◆ MATERIAL TO PROCESS:
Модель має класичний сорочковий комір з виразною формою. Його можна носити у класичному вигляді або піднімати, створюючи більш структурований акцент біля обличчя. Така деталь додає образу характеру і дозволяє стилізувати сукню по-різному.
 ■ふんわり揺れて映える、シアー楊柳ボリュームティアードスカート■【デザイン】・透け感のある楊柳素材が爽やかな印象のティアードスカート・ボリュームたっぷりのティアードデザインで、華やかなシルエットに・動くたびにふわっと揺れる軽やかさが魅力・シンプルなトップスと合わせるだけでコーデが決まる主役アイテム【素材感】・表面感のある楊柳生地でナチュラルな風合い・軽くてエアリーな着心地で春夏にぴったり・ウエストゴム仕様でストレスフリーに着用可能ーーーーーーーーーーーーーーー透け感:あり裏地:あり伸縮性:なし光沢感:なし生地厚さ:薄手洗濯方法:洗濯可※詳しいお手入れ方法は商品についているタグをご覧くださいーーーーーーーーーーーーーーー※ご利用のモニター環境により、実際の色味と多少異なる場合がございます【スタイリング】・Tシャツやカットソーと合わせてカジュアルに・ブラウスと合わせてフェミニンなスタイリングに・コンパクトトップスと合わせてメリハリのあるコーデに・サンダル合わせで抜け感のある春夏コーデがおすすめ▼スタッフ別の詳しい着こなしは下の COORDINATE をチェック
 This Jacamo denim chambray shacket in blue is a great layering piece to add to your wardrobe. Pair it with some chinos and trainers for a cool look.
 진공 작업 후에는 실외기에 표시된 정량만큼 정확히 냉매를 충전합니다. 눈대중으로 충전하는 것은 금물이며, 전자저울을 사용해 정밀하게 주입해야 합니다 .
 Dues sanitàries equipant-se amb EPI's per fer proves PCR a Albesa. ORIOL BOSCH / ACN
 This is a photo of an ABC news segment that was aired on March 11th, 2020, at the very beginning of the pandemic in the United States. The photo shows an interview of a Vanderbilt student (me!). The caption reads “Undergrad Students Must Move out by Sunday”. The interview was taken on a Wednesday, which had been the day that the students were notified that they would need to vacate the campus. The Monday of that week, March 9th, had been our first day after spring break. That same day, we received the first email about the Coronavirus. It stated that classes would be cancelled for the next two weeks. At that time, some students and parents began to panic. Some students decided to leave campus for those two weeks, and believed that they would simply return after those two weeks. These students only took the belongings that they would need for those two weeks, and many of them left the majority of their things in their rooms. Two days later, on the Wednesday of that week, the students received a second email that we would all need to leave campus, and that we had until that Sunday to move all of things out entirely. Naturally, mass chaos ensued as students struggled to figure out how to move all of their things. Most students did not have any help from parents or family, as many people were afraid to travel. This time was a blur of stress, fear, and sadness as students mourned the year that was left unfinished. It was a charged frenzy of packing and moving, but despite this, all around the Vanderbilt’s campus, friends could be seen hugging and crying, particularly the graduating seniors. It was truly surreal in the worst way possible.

◆ PROBLEM TO WORK ON: From top to bottom, reproduce the material exactly.

◆ REPLY TO THE TASK:
Модель має класичний сорочковий комір з виразною формою. Його можна носити у класичному вигляді або піднімати, створюючи більш структурований акцент біля обличчя. Така деталь додає образу характеру і дозволяє стилізувати сукню по-різному.
 ■ふんわり揺れて映える、シアー楊柳ボリュームティアードスカート■【デザイン】・透け感のある楊柳素材が爽やかな印象のティアードスカート・ボリュームたっぷりのティアードデザインで、華やかなシルエットに・動くたびにふわっと揺れる軽やかさが魅力・シンプルなトップスと合わせるだけでコーデが決まる主役アイテム【素材感】・表面感のある楊柳生地でナチュラルな風合い・軽くてエアリーな着心地で春夏にぴったり・ウエストゴム仕様でストレスフリーに着用可能ーーーーーーーーーーーーーーー透け感:あり裏地:あり伸縮性:なし光沢感:なし生地厚さ:薄手洗濯方法:洗濯可※詳しいお手入れ方法は商品についているタグをご覧くださいーーーーーーーーーーーーーーー※ご利用のモニター環境により、実際の色味と多少異なる場合がございます【スタイリング】・Tシャツやカットソーと合わせてカジュアルに・ブラウスと合わせてフェミニンなスタイリングに・コンパクトトップスと合わせてメリハリのあるコーデに・サンダル合わせで抜け感のある春夏コーデがおすすめ▼スタッフ別の詳しい着こなしは下の COORDINATE をチェック
 This Jacamo denim chambray shacket in blue is a great layering piece to add to your wardrobe. Pair it with some chinos and trainers for a cool look.
 진공 작업 후에는 실외기에 표시된 정량만큼 정확히 냉매를 충전합니다. 눈대중으로 충전하는 것은 금물이며, 전자저울을 사용해 정밀하게 주입해야 합니다 .
 Dues sanitàries equipant-se amb EPI's per fer proves PCR a Albesa. ORIOL BOSCH / ACN
 This is a photo of an ABC news segment that was aired on March 11th, 2020, at the very beginning of the pandemic in the United States. The photo shows an interview of a Vanderbilt student (me!). The caption reads “Undergrad Students Must Move out by Sunday”. The interview was taken on a Wednesday, which had been the day that the students were notified that they would need to vacate the campus. The Monday of that week, March 9th, had been our first day after spring break. That same day, we received the first email about the Coronavirus. It stated that classes would be cancelled for the next two weeks. At that time, some students and parents began to panic. Some students decided to leave campus for those two weeks, and believed that they would simply return after those two weeks. These students only took the belongings that they would need for those two weeks, and many of them left the majority of their things in their rooms. Two days later, on the Wednesday of that week, the students received a second email that we would all need to leave campus, and that we had until that Sunday to move all of things out entirely. Naturally, mass chaos ensued as students struggled to figure out how to move all of their things. Most students did not have any help from parents or family, as many people were afraid to travel. This time was a blur of stress, fear, and sadness as students mourned the year that was left unfinished. It was a charged frenzy of packing and moving, but despite this, all around the Vanderbilt’s campus, friends could be seen hugging and crying, particularly the graduating seniors. It was truly surreal in the worst way possible.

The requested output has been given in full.